▶ How to complete this task: Only one span is wanted from the lines below: from the one with "Workout Streetwear Kaos" up to and including the one with "한국소통투데이 관리자 기자". Copy it exactly, without images.

# # # #

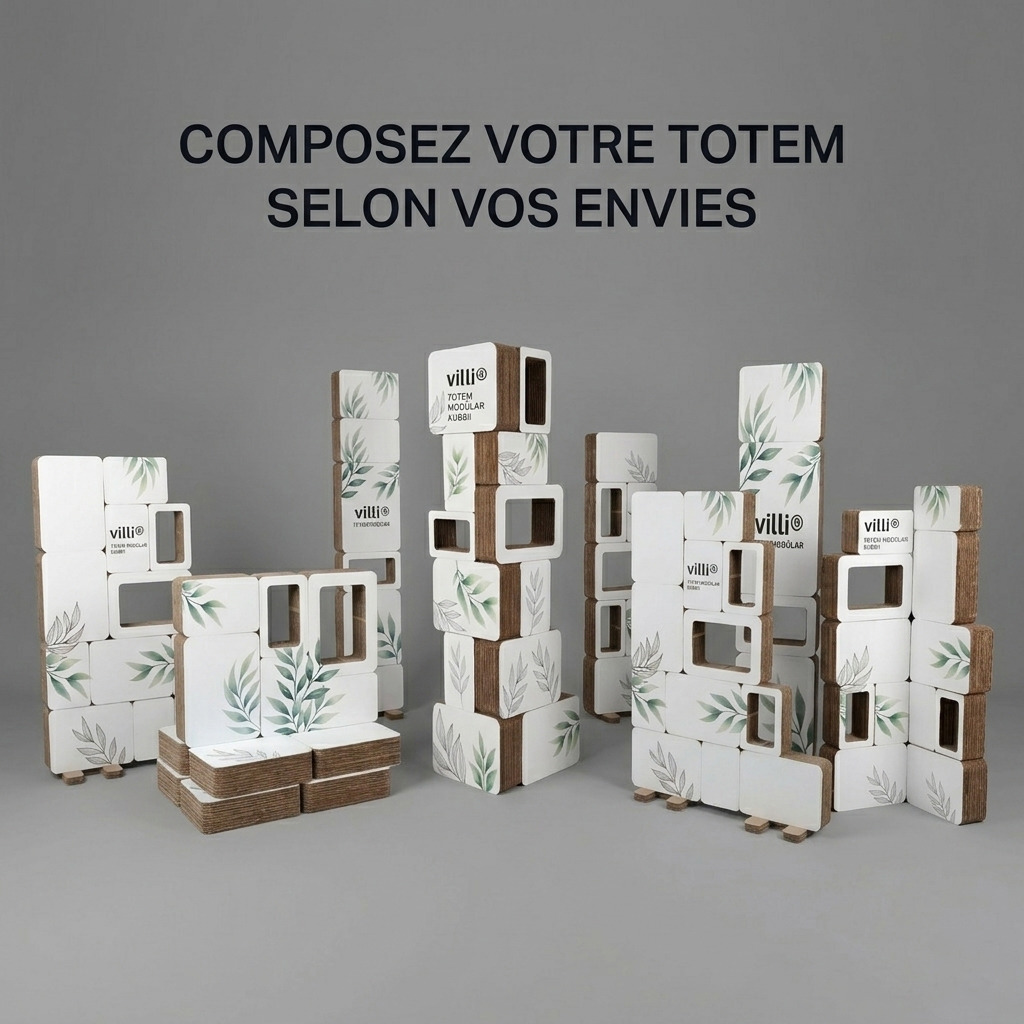 Réinventez votre communication visuelle avec Modülar, la solution d'agencement modulaire en carton qui s'adapte à tous vos besoins. Fini les supports jetables : investissez dans un système durable, réutilisable et personnalisable à l'infini.
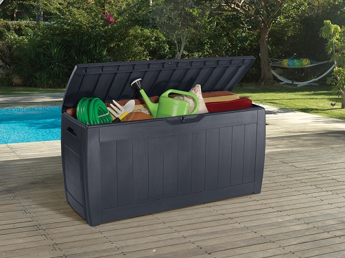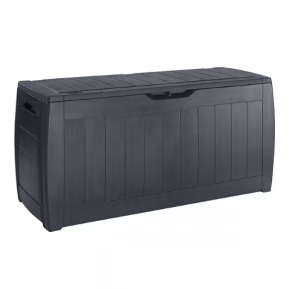 Funkcjonalny i pojemny, o pojemności 270 litrów, pojemnik ogrodowy wyprodukowany przez renomowaną firmę Keter, która posiada bogate doświadczenie w tworzeniu wyposażenia ogrodowego z tworzywa sztucznego. Pojemnik ogrodowy to idealne miejsce do przechowywania poduszek na krzesła ogrodowe, zabawek czy innych elementów wyposażenia ogrodu. Choć wyglądem przypomina drewnianą skrzynię ogrodową, jest to jedynie zabieg stylistyczny wykonywany w procesie produkcji. Skrzynia Keter Hollywood Box wykonana jest w całości z mocnego i trwałego tworzywa sztucznego. Dzięki temu jest wodoodporna, odporna na promieniowanie UV i przyjazna dla środowiska. Większość materiałów wykorzystywanych do produkcji produktów Keter pochodzi z recyklingu.
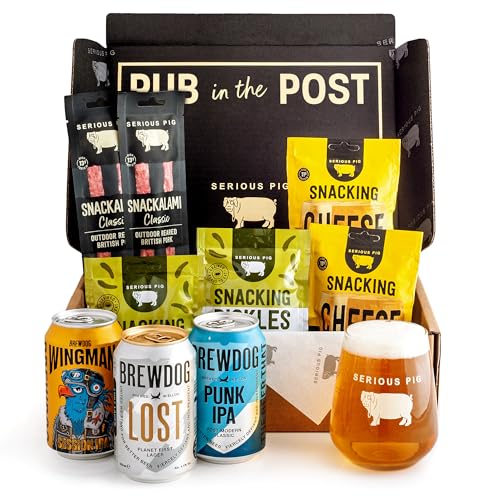 Serious Pig + BrewDog Craft Beer and Snacks Selection Box with Glassware Gift Set (10 Pack)
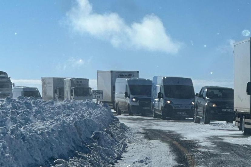 Yoğun tipi nedeniyle Kars-Göle kara yolunda bazı tırlar yolda kaldı. Tırların yolu kapatması sonucu ilerleyemeyen yaklaşık 40 araç mahsur kaldı.
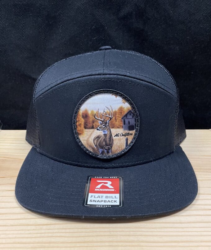 Barn Buck Patch 7 Panel Trucker Hat Snap Back Black/Black Richardson 168
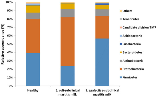 The relative abundance of bacterial phyla in milk from healthy cows and cows with subclinical mastitis.
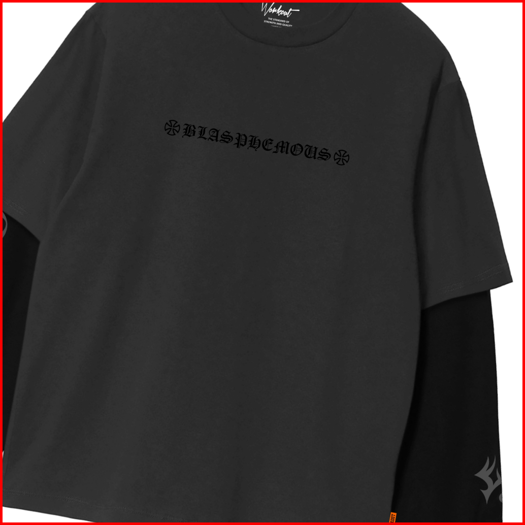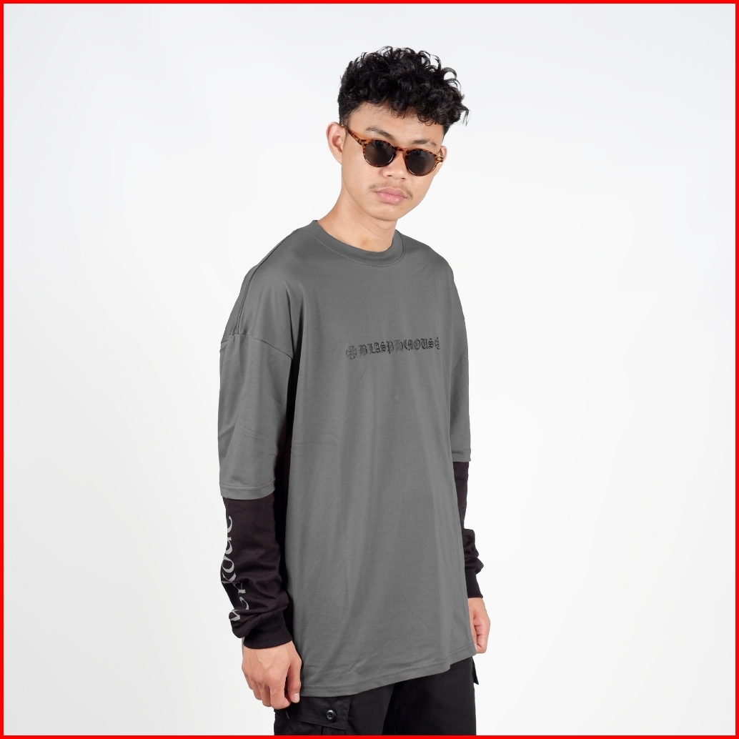Workout Streetwear Kaos Lengan Panjang Longsleeve Oversize Dobel Layer Blaspheme
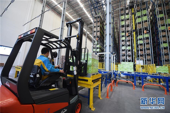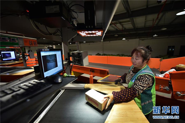 工作人員在南京市雨花經(jīng)濟開發(fā)區(qū)一家智慧物流基地內忙碌(2016年11月3日攝)。該物流基地建筑面積達20多萬平方米,可存儲商品2000萬件,日處理包裹181萬件。整個物流基地實現(xiàn)全流程自動作業(yè),從訂單生成到商品出庫,最快可縮短到30分鐘。新華社發(fā)
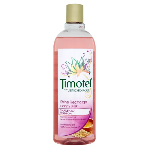 Šampón Timotei Oslnivý lesk obohatený o výťažky zo sezamového oleja* oživuje matné vlasy a dodáva im prirodzený lesk**.
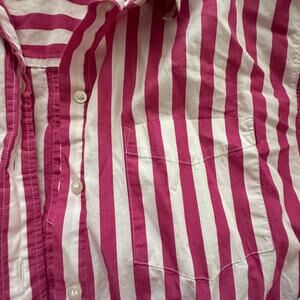 Gap Women's Pink White Striped 100% Organic Cotton Button-Back Shirt Size Large
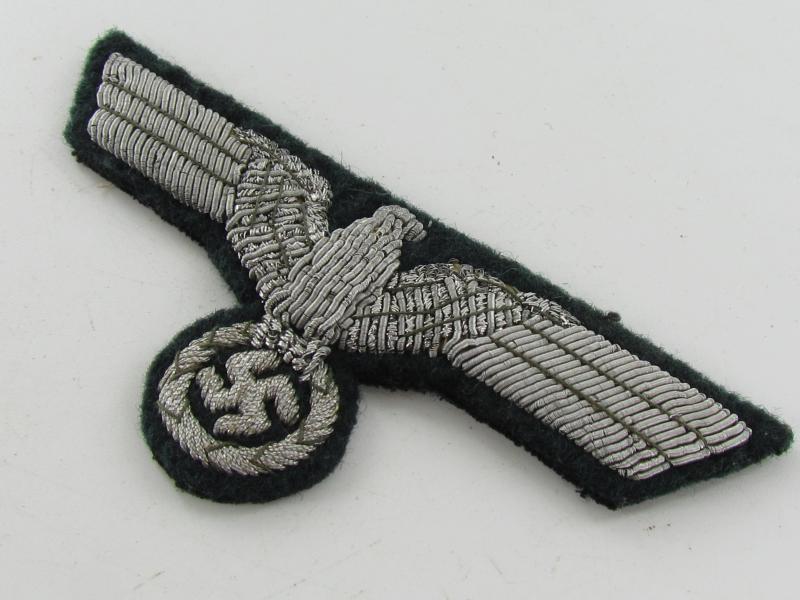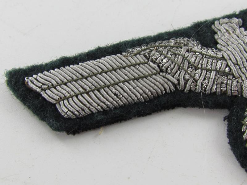 This is a nice example of a hand-embroidered Wehrmacht (Heer) Officer's breast-eagle (Hoheitsabzeichen). Nice example in unissued condition, perfect to restore a Wehrmacht officer's tunic with!
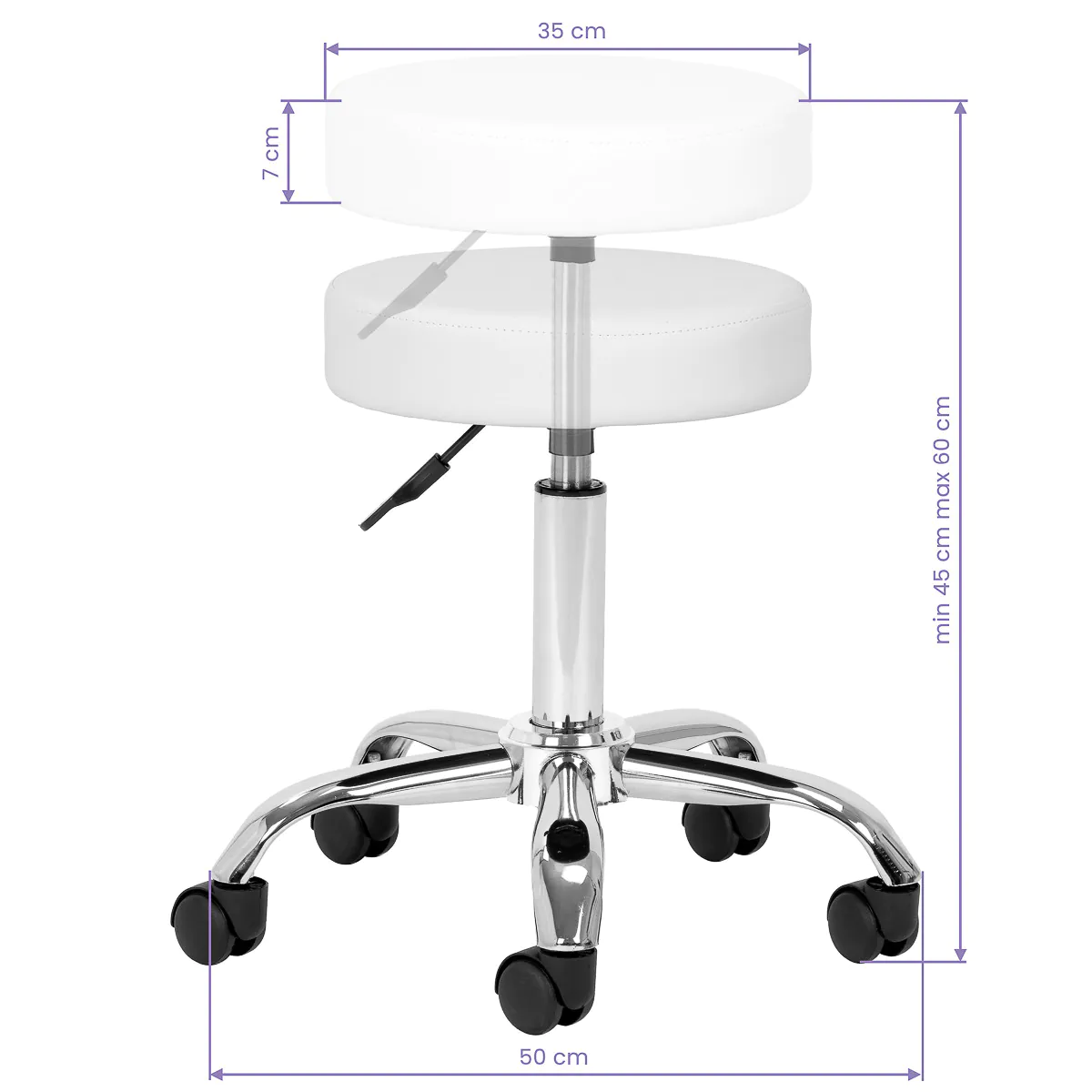 Height adjustment in the range of 45-60 cm thanks to a gas spring allows you to adjust the seat to your individual needs. This makes it easier to work in an ergonomic position and makes daily tasks less stressful.
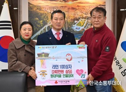 한국소통투데이 관리자 기자 | 대구광역시 남구청은 지난 11월 29일, 원대덕골 민물장어에서 겨울철을 맞아 취약계층을 위하여 라면 100상자(240만원 상당)를 기탁했다고 5일 밝혔다.
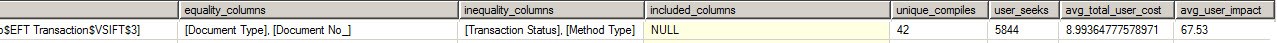 The table object was modified to support SQL Server’s recommended index configuration, so in NAV the EFT Transaction Key SQLIndex field for the [dbname$EFT Transaction$VSIFT$3] key was changed to Document No.,Document Type,Transaction Status,Method Type.
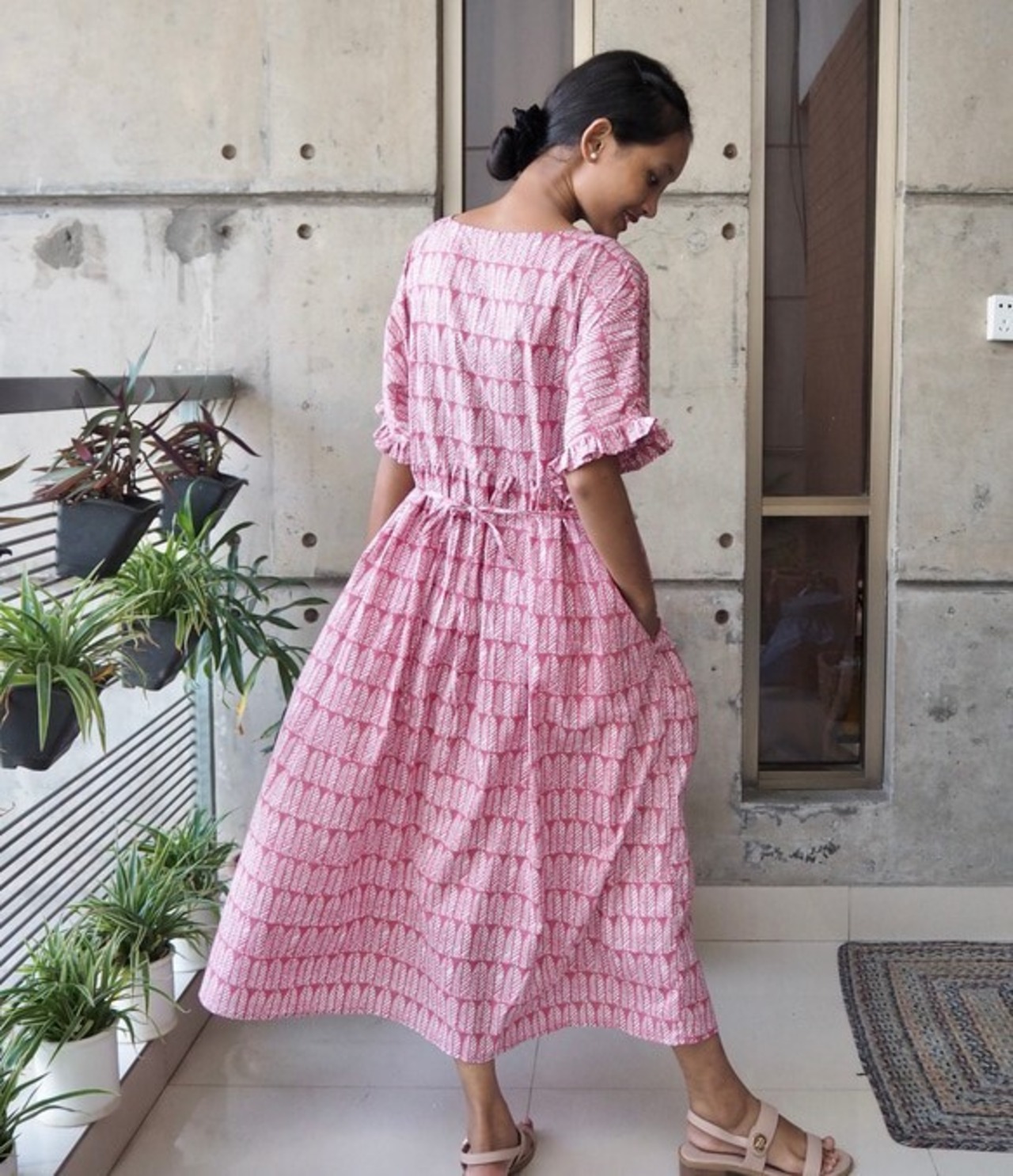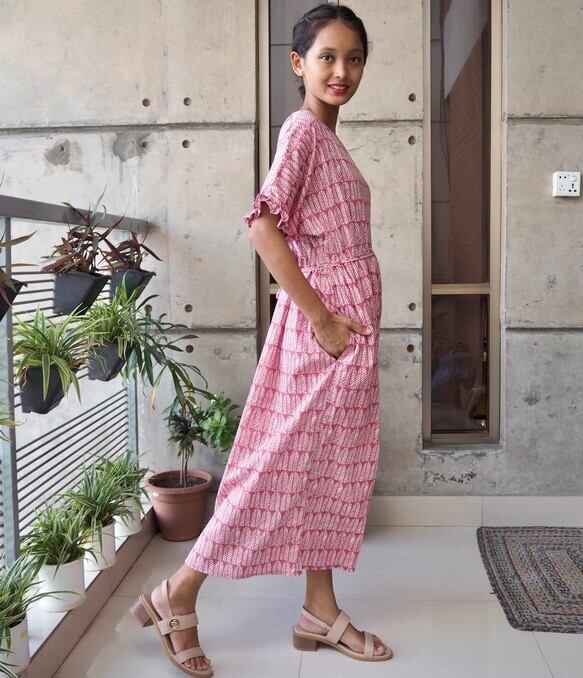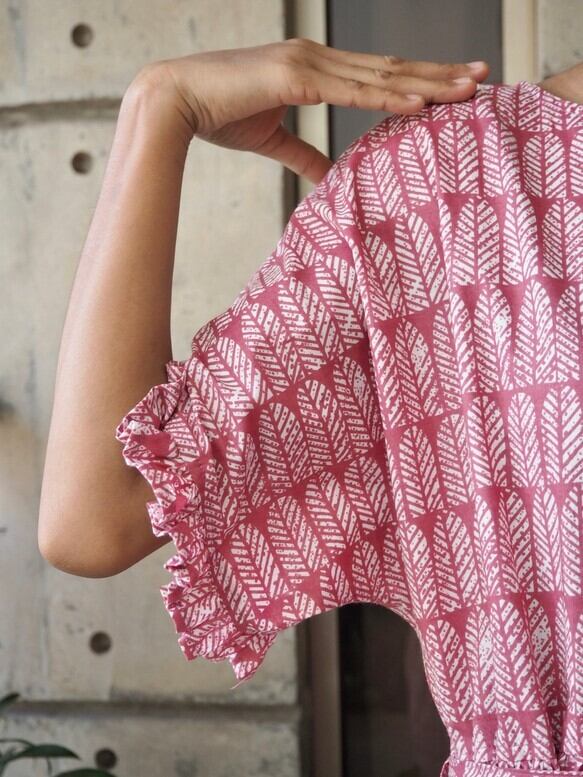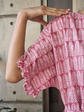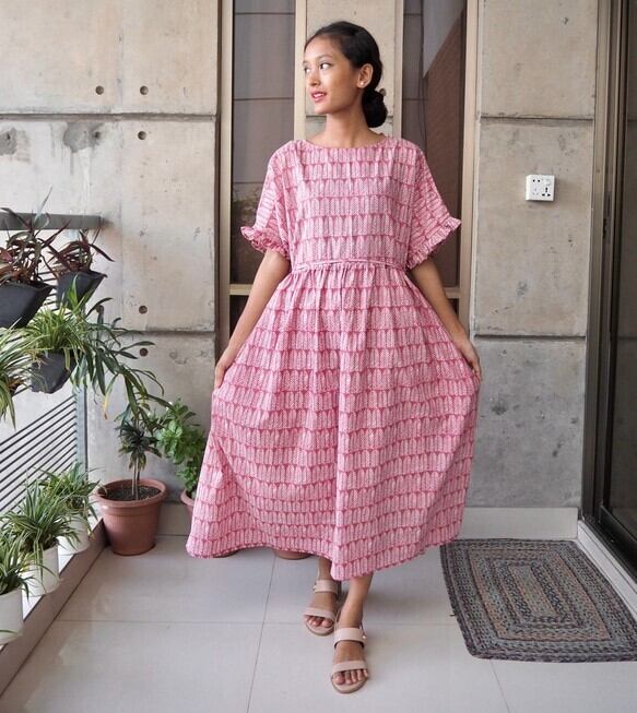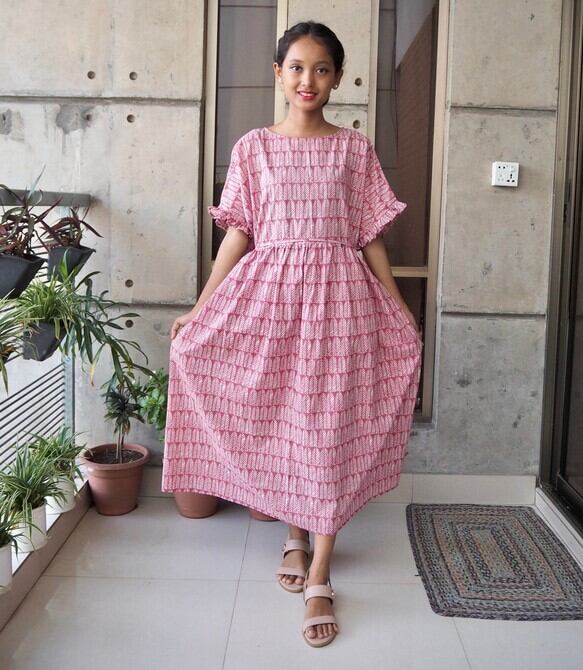 フリルスリーブワンピース(インド綿、スクリーンプリント)

# # # #

▶ Solution below:
Workout Streetwear Kaos Lengan Panjang Longsleeve Oversize Dobel Layer Blaspheme
 工作人員在南京市雨花經(jīng)濟開發(fā)區(qū)一家智慧物流基地內忙碌(2016年11月3日攝)。該物流基地建筑面積達20多萬平方米,可存儲商品2000萬件,日處理包裹181萬件。整個物流基地實現(xiàn)全流程自動作業(yè),從訂單生成到商品出庫,最快可縮短到30分鐘。新華社發(fā)
 Šampón Timotei Oslnivý lesk obohatený o výťažky zo sezamového oleja* oživuje matné vlasy a dodáva im prirodzený lesk**.
 Gap Women's Pink White Striped 100% Organic Cotton Button-Back Shirt Size Large
 This is a nice example of a hand-embroidered Wehrmacht (Heer) Officer's breast-eagle (Hoheitsabzeichen). Nice example in unissued condition, perfect to restore a Wehrmacht officer's tunic with!
 Height adjustment in the range of 45-60 cm thanks to a gas spring allows you to adjust the seat to your individual needs. This makes it easier to work in an ergonomic position and makes daily tasks less stressful.
 한국소통투데이 관리자 기자 | 대구광역시 남구청은 지난 11월 29일, 원대덕골 민물장어에서 겨울철을 맞아 취약계층을 위하여 라면 100상자(240만원 상당)를 기탁했다고 5일 밝혔다.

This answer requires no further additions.